A new cooling technique relies on untwisting coiled fibers

Twistocaloric cooling is an alternative to standard chilling methods

fibers

Twisted fibers could be used to cool off, scientists report. Here, a fiber of rubber has been coated with paint whose color reveals its temperature. A coiled fiber at room temperature (orange, top) cools when untwisted (brown, middle) before returning to room temperature over time (bottom).

University of Texas at Dallas

A new way to chill out is simple: Just unwind.

Called twistocaloric cooling, the method involves unwinding tightly twisted strands of various materials. The technique was used to chill water by several degrees Celsius, scientists report in the Oct. 11 Science.

Cooling techniques like those used in traditional refrigerators rely on cycles of compressing and expanding gases. But those gases can contribute to global warming (SN: 10/25/16).

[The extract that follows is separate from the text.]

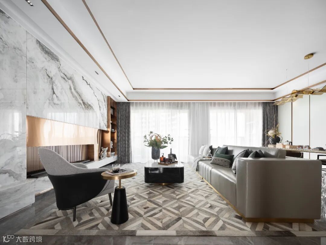 对于精英人士而言,客厅不仅仅充作日常家人间交流的空间,更是与朋友或是生意伙伴往来的重要场所。保利和光尘樾约60㎡豪华边厅设计,是资源型豪宅中的终极形态,无疑完美契合精英人士的需求。
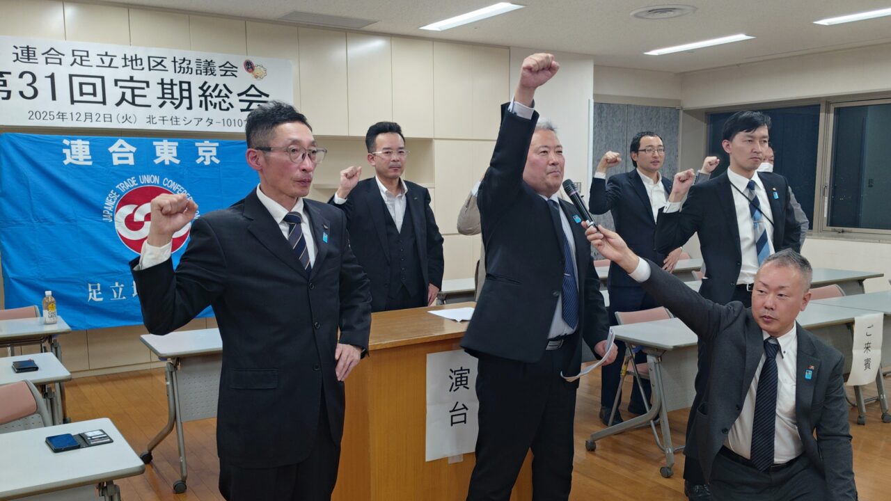 連合足立地区協議会は12月2日(火)18時20分から北千住シアター1010アトリエにて「第31回定期総会」を開催し、役員、定期総会代議員、来賓合わせて総勢50名が参集しました。

So researchers have been looking for alternative cooling methods based on manipulating solid materials. Consider a rubber band: When stretched, it heats up, becoming warm to the touch. When released, it cools down. The same goes for twisting and untwisting.

To study this effect, a team of scientists from China, the United States and Brazil twisted fibers of rubber, fishing line and wires made of a nickel and titanium alloy. When twisted tightly enough, the various types of strands formed coils or even supercoils — coils of coils. Unwinding a stretched, supercoiled rubber fiber cooled its surface by as much as 15.5 degrees Celsius.

Unraveling cables made of several strands twisted together produced cooling as well. But simply cooling the strands isn’t particularly useful. So the researchers created a “twist fridge” that could chill water. Unwinding a three-ply, nickel-titanium cable while flowing water over it dropped the liquid’s temperature by nearly 8 degrees C, the team reports.